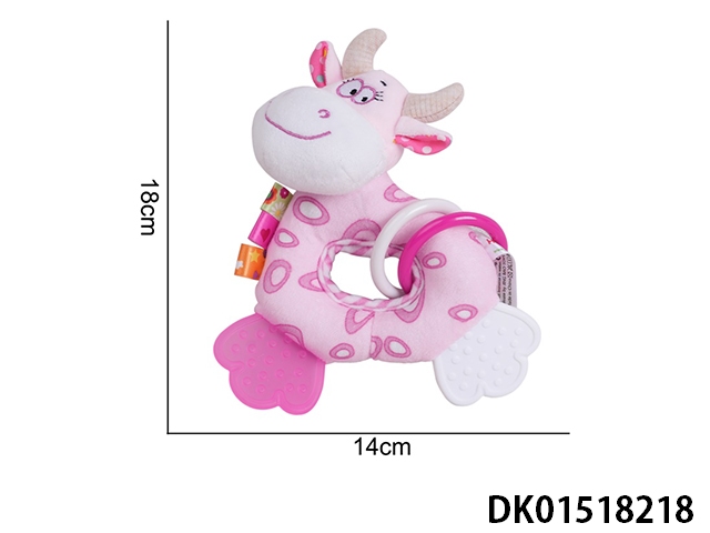 Baby plush toy teething round hand bell pink cow
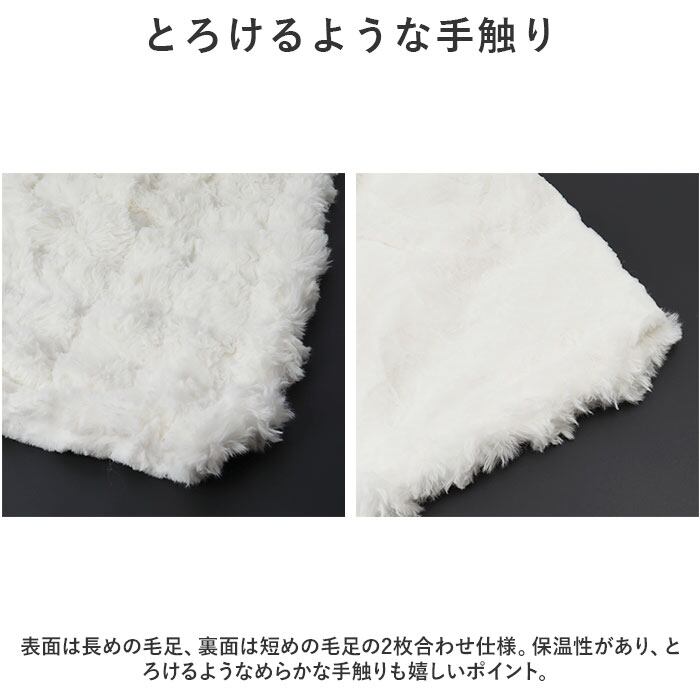 ・表面は長めの毛足、裏面は短めの毛足の2枚合わせ仕様。保温性があり、とろけるようなめらかな手触りも嬉しいポイント。
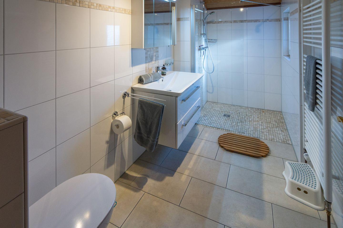 Zwei moderne Tageslichtbäder – eines davon im Obergeschoss – mit Dusche, WC, Waschbecken und Föhn bieten hohen Komfort, ideal für längere Aufenthalte oder Urlaub zu zweit. Für Familien stehen Babybett, Hochstuhl und Fliegengitter bereit.

**Work instruction**
Return all the material exactly, skipping pictures.

**Response box**
 Baby plush toy teething round hand bell pink cow
 ・表面は長めの毛足、裏面は短めの毛足の2枚合わせ仕様。保温性があり、とろけるようなめらかな手触りも嬉しいポイント。
 Zwei moderne Tageslichtbäder – eines davon im Obergeschoss – mit Dusche, WC, Waschbecken und Föhn bieten hohen Komfort, ideal für längere Aufenthalte oder Urlaub zu zweit. Für Familien stehen Babybett, Hochstuhl und Fliegengitter bereit.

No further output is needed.